Subodh Deshpande, Innate Motion business humanizer & partner, usually explores how human empathy can make companies and brands relevant but in this article, Subodh turns his attention to the heart-stirring appeal of singer, songwriter Adele and how she breaks through the pop clutter to hit home with her universal storytelling. There is more to Adele than what simply meets the eye..
Hello from the Other Side: the Meaning in Adele’s Music
Adele’s 25 has become the year’s biggest-selling album in the US, with a record 3.38m copies sold in its first full week of release. She cuts a distinctive figure amidst the female pop stars of today with her unique brand of music. Her heart-broken ballads are heard everywhere from taxi radios to cafes to salons and airport lounges. What makes her unique brand of music so popular?
Adele has often been quoted saying that she strives for a certain effect in her songs, its ability to move her. This tear-inducing quality is the key ingredient of Adele’s music. Adele’s lyrics have a strong universal character. She appears to be narrating our story. She has this operatic ability to convey the tragedy of modern relationships; that makes our hearts ache with reminiscence. Listening to Adele becomes a cathartic act. She creates a new genre of music; she is a ‘Cathartist’.
Adele embodies this tragic figure. She comes across as a smiling survivor; bravely carrying on with her life. Her generous figure, ordinarily dressed (sometimes bordering on the frumpy), is very unlike the sleek, glamorous, airbrushed stars. She appears very much the ‘hapless girl’; the one who gets dumped; half expecting the love of her life to turn back.
There is perhaps another function to Adele’s songs. The technology of today erases time and distance and we experience lives where everything is within immediate reach. Adele’s music negates this and creates a sense of distance and loss. Her music is like a reverse telescope. It manufactures distance: people appear further than they really are. In a world where we are constantly connected, her songs suggest the pain of separation. Today when lives are lived out on Facebook, it is hard to lose touch with people even if you un-friend them, and one often ‘bumps’ inadvertently into ones exes in the digital world. Adele creates a tunnel of nostalgia and wistfulness for us to dive into. Ensconced in her music; our loss appears considerable and significant, as it ought to.
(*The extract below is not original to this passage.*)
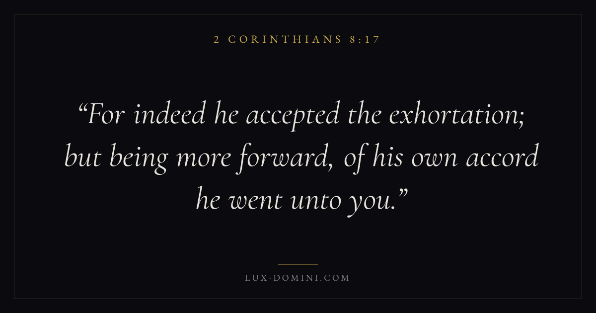For indeed he accepted the exhortation; but being more forward, of his own accord he went unto you.

Just as the telephone was this heavy contraption that made our relationships precious by making our loved ones barely audible and out of touch, (The sheer ease of smart phones compresses our world; people appear close at all times) Adele’s songs make us feel a palpable sense of loss in a world where technology with its pervasiveness and immediacy conspires to dilute it. Adele makes us believe that it is in fact a dense wall that separates us from those we once loved and once in a while we can peer across and say hello from the other side.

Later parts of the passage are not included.